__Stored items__
□ □ □ □ □ □ □

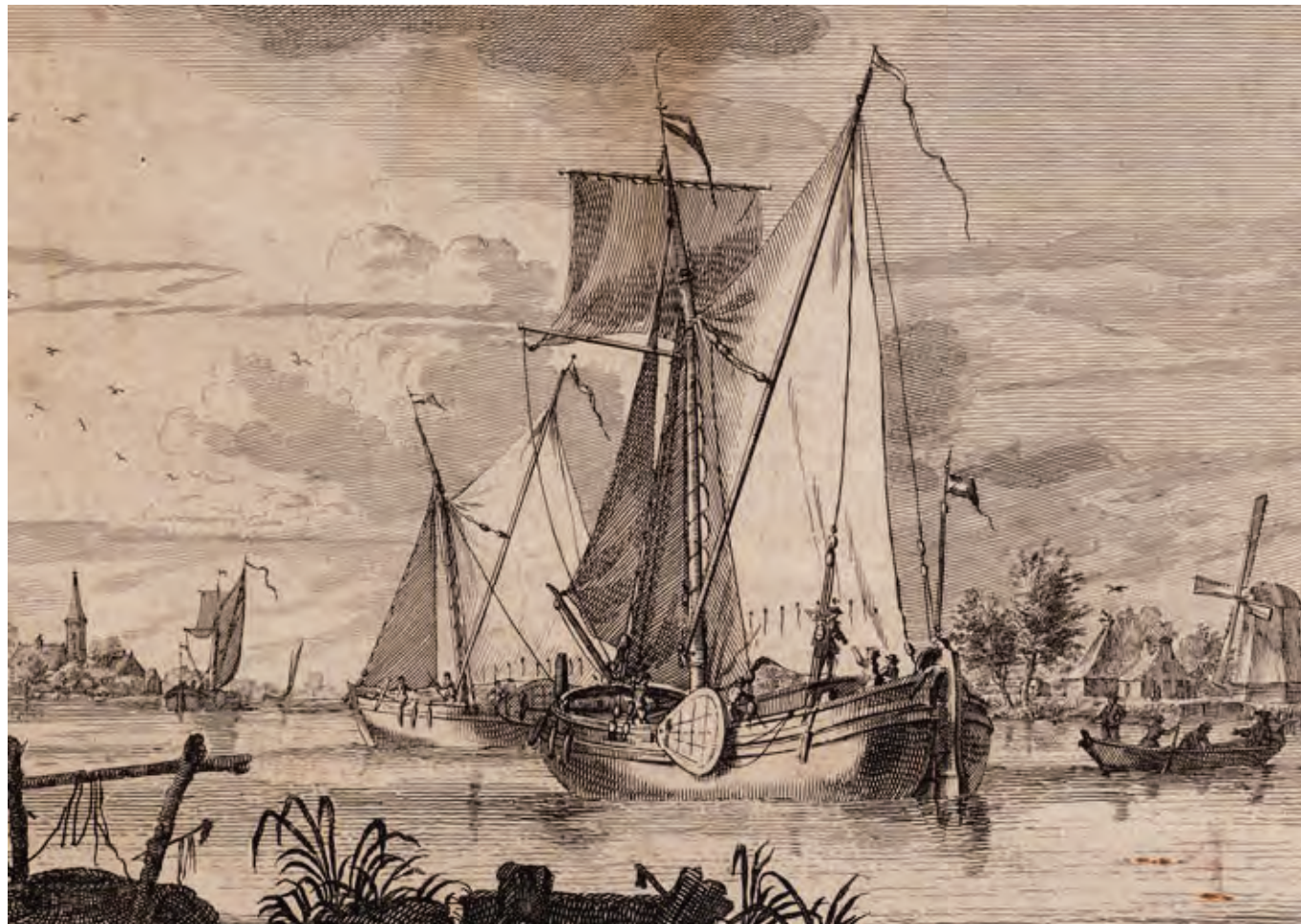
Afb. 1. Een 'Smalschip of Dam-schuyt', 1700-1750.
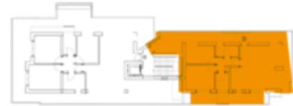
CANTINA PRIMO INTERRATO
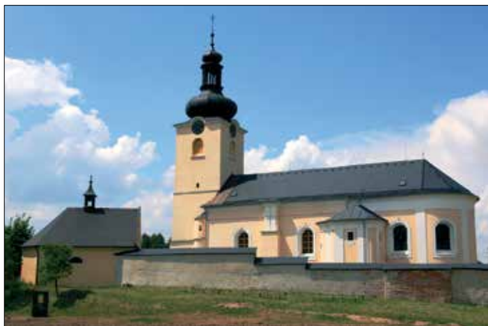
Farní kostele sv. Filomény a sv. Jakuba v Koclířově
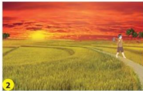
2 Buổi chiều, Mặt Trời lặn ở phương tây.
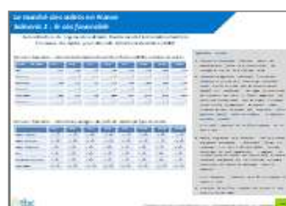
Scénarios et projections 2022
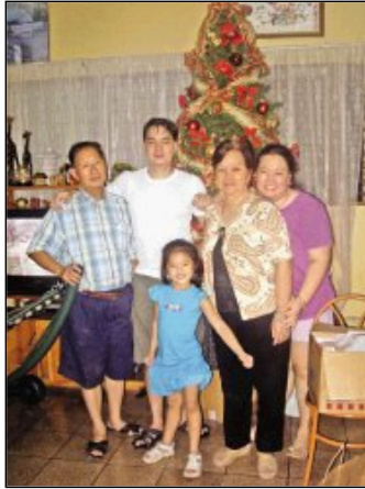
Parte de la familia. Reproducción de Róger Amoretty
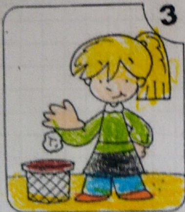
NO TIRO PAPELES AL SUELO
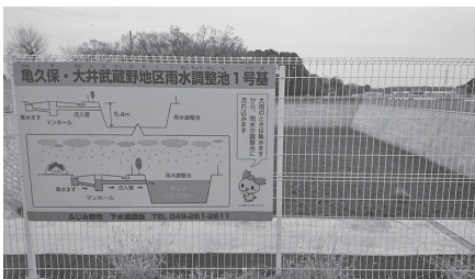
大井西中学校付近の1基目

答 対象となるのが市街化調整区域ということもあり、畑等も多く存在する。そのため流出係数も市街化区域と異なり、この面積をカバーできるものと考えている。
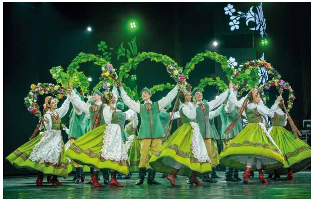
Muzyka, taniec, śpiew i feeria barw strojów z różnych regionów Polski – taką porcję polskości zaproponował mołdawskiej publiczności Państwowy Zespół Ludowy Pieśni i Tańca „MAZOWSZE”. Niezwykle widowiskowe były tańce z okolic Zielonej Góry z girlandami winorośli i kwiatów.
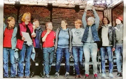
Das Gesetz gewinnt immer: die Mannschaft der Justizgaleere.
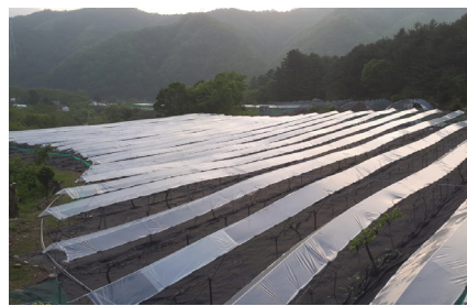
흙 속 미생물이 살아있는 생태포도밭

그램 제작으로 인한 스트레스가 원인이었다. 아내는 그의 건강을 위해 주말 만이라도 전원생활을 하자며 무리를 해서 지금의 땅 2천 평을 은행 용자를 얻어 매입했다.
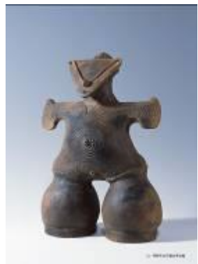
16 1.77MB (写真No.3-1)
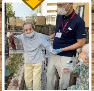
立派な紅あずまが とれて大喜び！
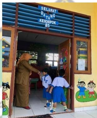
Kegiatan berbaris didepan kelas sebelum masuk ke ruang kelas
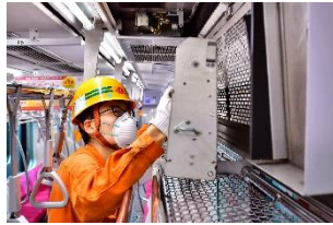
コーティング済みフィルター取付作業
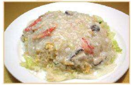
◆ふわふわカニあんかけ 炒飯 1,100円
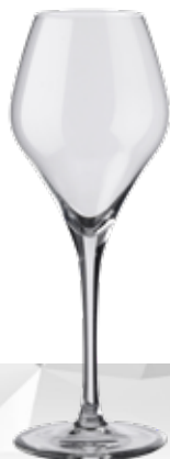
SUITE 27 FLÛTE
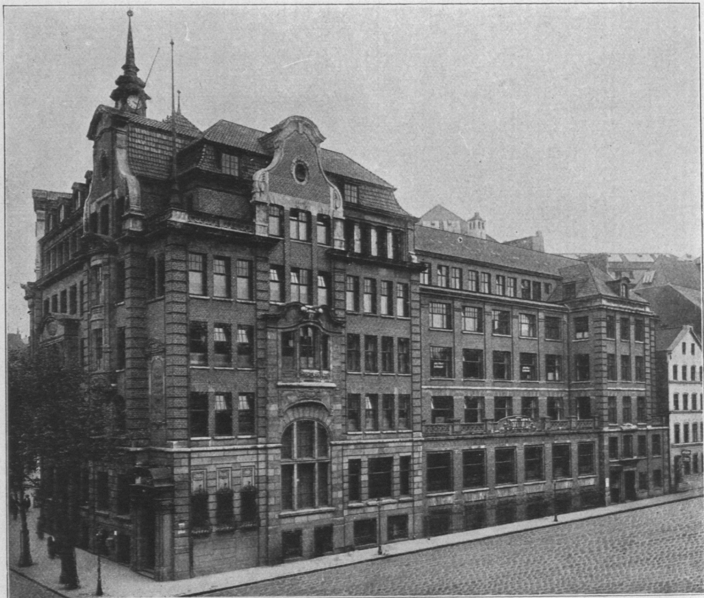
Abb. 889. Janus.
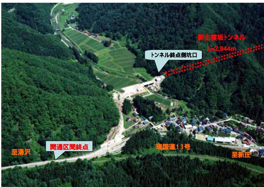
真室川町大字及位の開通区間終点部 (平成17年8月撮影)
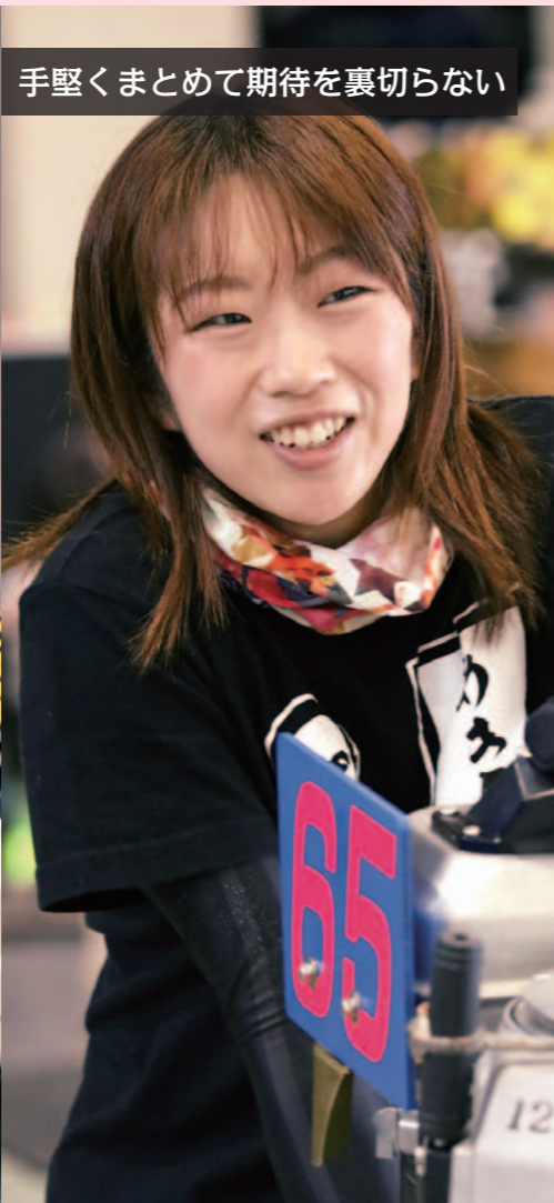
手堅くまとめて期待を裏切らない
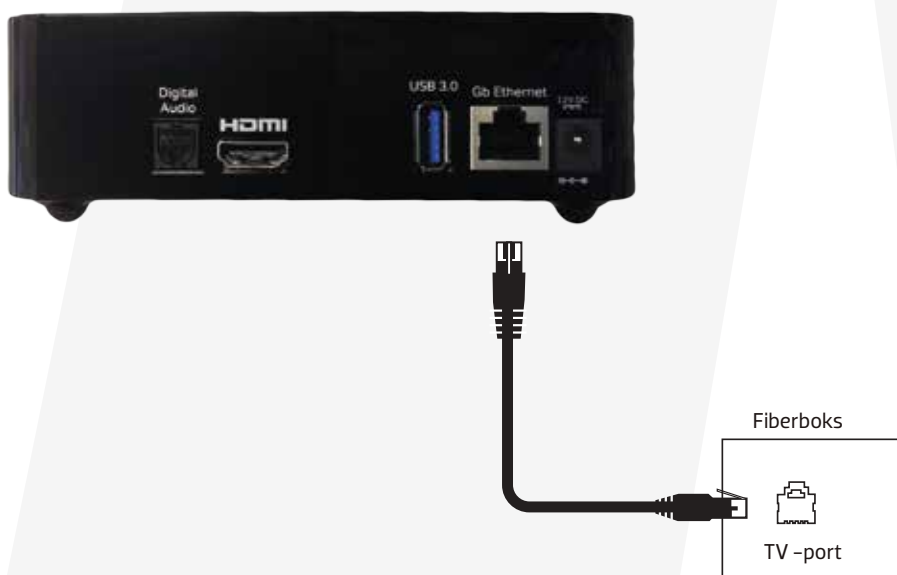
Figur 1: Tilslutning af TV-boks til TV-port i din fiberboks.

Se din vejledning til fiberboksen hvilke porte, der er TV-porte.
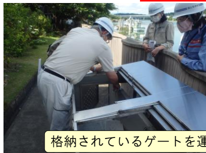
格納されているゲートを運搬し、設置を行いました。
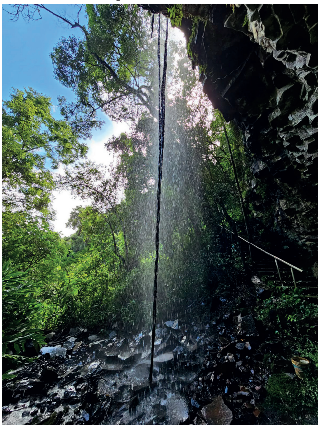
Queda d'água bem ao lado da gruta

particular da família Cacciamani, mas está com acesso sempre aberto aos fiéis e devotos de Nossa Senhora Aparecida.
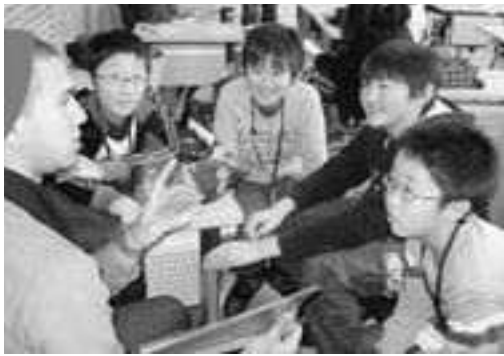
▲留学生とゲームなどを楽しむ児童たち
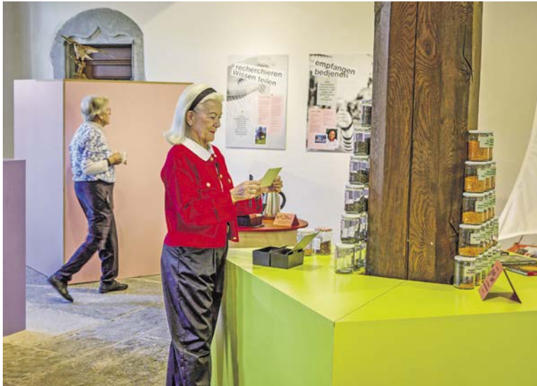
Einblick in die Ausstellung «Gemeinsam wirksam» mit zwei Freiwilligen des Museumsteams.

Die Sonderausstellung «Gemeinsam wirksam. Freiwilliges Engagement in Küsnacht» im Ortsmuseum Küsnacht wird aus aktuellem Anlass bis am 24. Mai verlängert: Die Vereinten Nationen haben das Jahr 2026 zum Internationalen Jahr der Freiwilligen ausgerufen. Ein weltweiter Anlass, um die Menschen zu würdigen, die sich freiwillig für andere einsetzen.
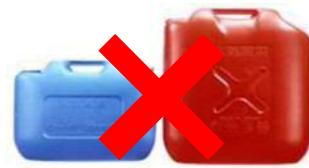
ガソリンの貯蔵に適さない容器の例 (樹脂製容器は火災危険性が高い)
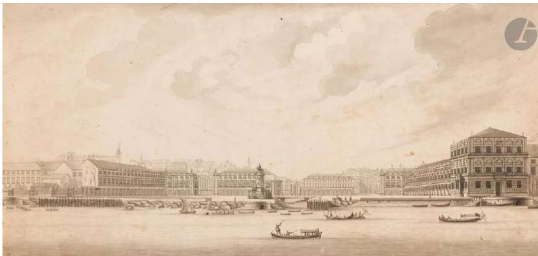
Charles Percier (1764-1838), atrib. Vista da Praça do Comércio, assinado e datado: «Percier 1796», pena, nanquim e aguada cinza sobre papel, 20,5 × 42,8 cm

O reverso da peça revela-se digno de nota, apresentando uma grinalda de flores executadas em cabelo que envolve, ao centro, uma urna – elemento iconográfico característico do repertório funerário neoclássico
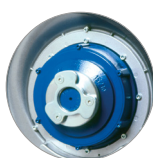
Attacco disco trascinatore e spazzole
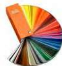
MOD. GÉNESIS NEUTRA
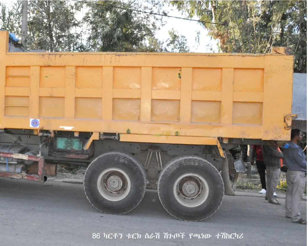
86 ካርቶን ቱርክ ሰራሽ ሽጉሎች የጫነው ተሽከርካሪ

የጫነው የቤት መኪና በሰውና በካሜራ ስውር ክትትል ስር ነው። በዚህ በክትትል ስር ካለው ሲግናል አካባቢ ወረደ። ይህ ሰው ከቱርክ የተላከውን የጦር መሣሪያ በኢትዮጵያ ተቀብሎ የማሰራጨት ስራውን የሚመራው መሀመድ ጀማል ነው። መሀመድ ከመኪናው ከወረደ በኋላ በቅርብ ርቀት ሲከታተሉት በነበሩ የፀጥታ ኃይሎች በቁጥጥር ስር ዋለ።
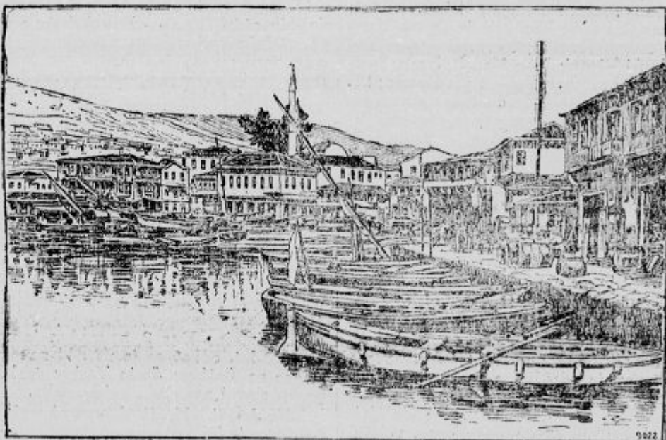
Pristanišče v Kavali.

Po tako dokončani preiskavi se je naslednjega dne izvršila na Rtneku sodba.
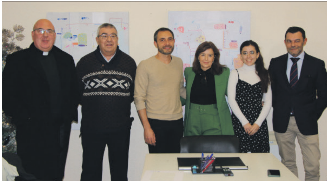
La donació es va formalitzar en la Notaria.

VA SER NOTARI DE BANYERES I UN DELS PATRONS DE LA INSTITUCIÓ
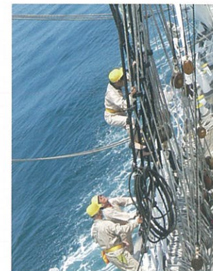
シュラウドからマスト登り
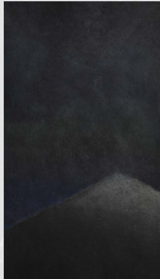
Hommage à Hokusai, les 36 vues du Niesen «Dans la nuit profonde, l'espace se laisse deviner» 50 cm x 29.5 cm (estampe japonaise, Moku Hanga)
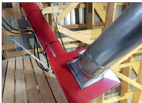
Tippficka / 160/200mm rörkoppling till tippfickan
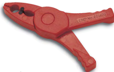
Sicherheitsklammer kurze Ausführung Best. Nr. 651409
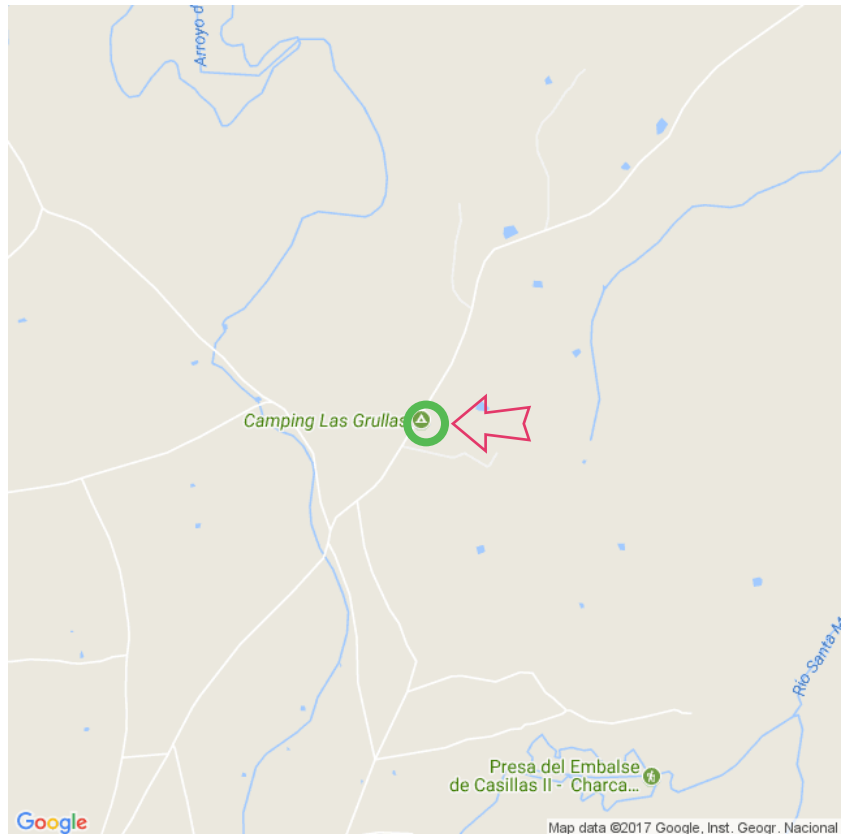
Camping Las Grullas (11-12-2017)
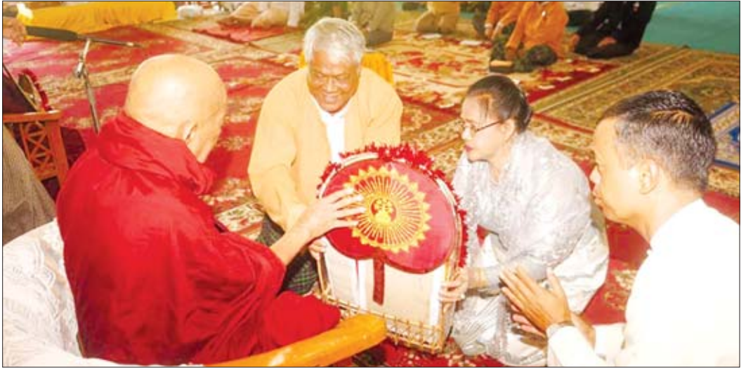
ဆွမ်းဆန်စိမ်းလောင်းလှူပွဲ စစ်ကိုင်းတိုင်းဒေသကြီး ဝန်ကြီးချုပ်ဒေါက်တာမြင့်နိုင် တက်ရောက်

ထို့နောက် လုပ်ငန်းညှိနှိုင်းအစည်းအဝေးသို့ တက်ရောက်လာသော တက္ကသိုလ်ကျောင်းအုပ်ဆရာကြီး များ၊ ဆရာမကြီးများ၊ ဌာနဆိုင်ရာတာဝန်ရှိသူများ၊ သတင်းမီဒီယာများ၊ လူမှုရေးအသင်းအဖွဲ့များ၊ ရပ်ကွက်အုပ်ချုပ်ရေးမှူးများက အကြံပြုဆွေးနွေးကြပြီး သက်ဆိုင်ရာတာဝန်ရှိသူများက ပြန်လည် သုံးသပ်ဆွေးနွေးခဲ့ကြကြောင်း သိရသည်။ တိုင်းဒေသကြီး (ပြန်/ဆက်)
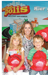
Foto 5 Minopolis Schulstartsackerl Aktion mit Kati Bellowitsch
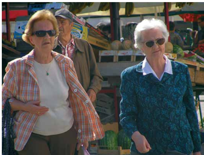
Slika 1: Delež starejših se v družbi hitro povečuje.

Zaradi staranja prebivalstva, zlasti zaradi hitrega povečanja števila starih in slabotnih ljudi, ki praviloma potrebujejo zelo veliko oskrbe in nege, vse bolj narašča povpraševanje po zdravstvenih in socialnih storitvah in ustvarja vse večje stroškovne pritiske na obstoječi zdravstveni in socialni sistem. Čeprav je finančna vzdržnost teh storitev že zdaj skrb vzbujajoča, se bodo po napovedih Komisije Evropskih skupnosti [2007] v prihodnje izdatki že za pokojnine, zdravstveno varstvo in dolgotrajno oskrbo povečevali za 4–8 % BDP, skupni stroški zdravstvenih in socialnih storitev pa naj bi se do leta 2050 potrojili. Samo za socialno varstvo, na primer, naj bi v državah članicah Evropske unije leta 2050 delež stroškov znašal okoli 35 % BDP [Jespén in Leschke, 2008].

□ □ □ □ □ □ □

__Exercise__
Reproduce the data above exactly, but only the lines from the one showing "የጫነው የቤት መኪና" through the one showing "Tippficka / 160/200mm", with both ends kept and the pictures left out.

__Solution for this exercise__
የጫነው የቤት መኪና በሰውና በካሜራ ስውር ክትትል ስር ነው። በዚህ በክትትል ስር ካለው ሲግናል አካባቢ ወረደ። ይህ ሰው ከቱርክ የተላከውን የጦር መሣሪያ በኢትዮጵያ ተቀብሎ የማሰራጨት ስራውን የሚመራው መሀመድ ጀማል ነው። መሀመድ ከመኪናው ከወረደ በኋላ በቅርብ ርቀት ሲከታተሉት በነበሩ የፀጥታ ኃይሎች በቁጥጥር ስር ዋለ።
Pristanišče v Kavali.

Po tako dokončani preiskavi se je naslednjega dne izvršila na Rtneku sodba.
La donació es va formalitzar en la Notaria.

VA SER NOTARI DE BANYERES I UN DELS PATRONS DE LA INSTITUCIÓ
シュラウドからマスト登り
Hommage à Hokusai, les 36 vues du Niesen «Dans la nuit profonde, l'espace se laisse deviner» 50 cm x 29.5 cm (estampe japonaise, Moku Hanga)
Tippficka / 160/200mm rörkoppling till tippfickan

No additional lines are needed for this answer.